I'm trying to use a popular function name "max", and extend it for my special types:

For example:

module utils;
MyType max(in MyType a, in MyType a){...}  //static function

struct V3f{
  V3f max(in V2f b){...} //member function
}

module gl3n;
vec3 max(in vec3 a, in vec3 a) //another static function in different module

I also want to use std.algorithm.comparison.max as well.
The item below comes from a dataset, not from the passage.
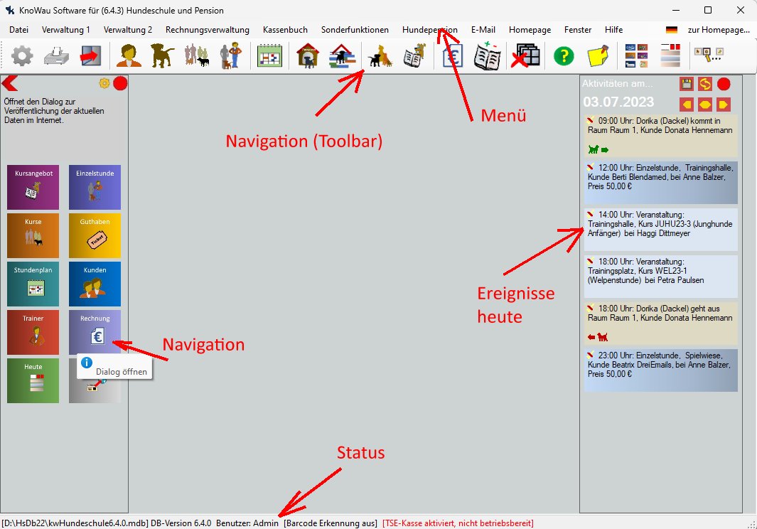Im Hauptfenster der KnoWau-Software findet man das Menü, die Toolbar, links die zusätzliche Navigation und rechts den Heute Bereich. Über Menü, Toolbar oder optional die zusätzliche Navigation erreicht man die Funktionen von KnoWau. Im Heute-Bereich werden die aktuellen Termine angezeigt. In der Status Leiste am unteren Rand werden Datenbank und angemeldete Benutzer angezeigt.

I know that the ambiguity error can be avoided by public importing all the various max implementations into one place, but how to do this when I want to use 3 modules? Need a 4th module to combine them all? Is there a nicer way? Another question that is it possible to extend the the template function "to" in more than one module and use it easily from my main project modules?

how about this:

import std.stdio;
import std.algorithm.comparison: max1 = max;

int max(int a, int b){ // dummy max
    return 5;
}


void main(){
    int a = 2;
    int b = 3;

    max1(a, b).writeln; // writes 3

}

Thx for answering!

This is what I want to avoid: To use extra identifiers or imports for the same semantic task.

------------------------
module m1;
public import std.algorithm.comparison: max;
struct MyType{ int x;}
MyType max(in MyType a, in MyType a){ return a.x>b.x ? a : b; }


module main;
import m1;

------------------------
From here: the max() is working for MyType and also for the types supported by std.algo.comparison.max.

BUT! What if I want to import another module which is overloading max?! It will be an ambiguity between m1 and the other module. I'm searching for a clever solution, not just manually reimporting everything in every module where I use multiple modules which also manually reimporting those simple names like 'max'.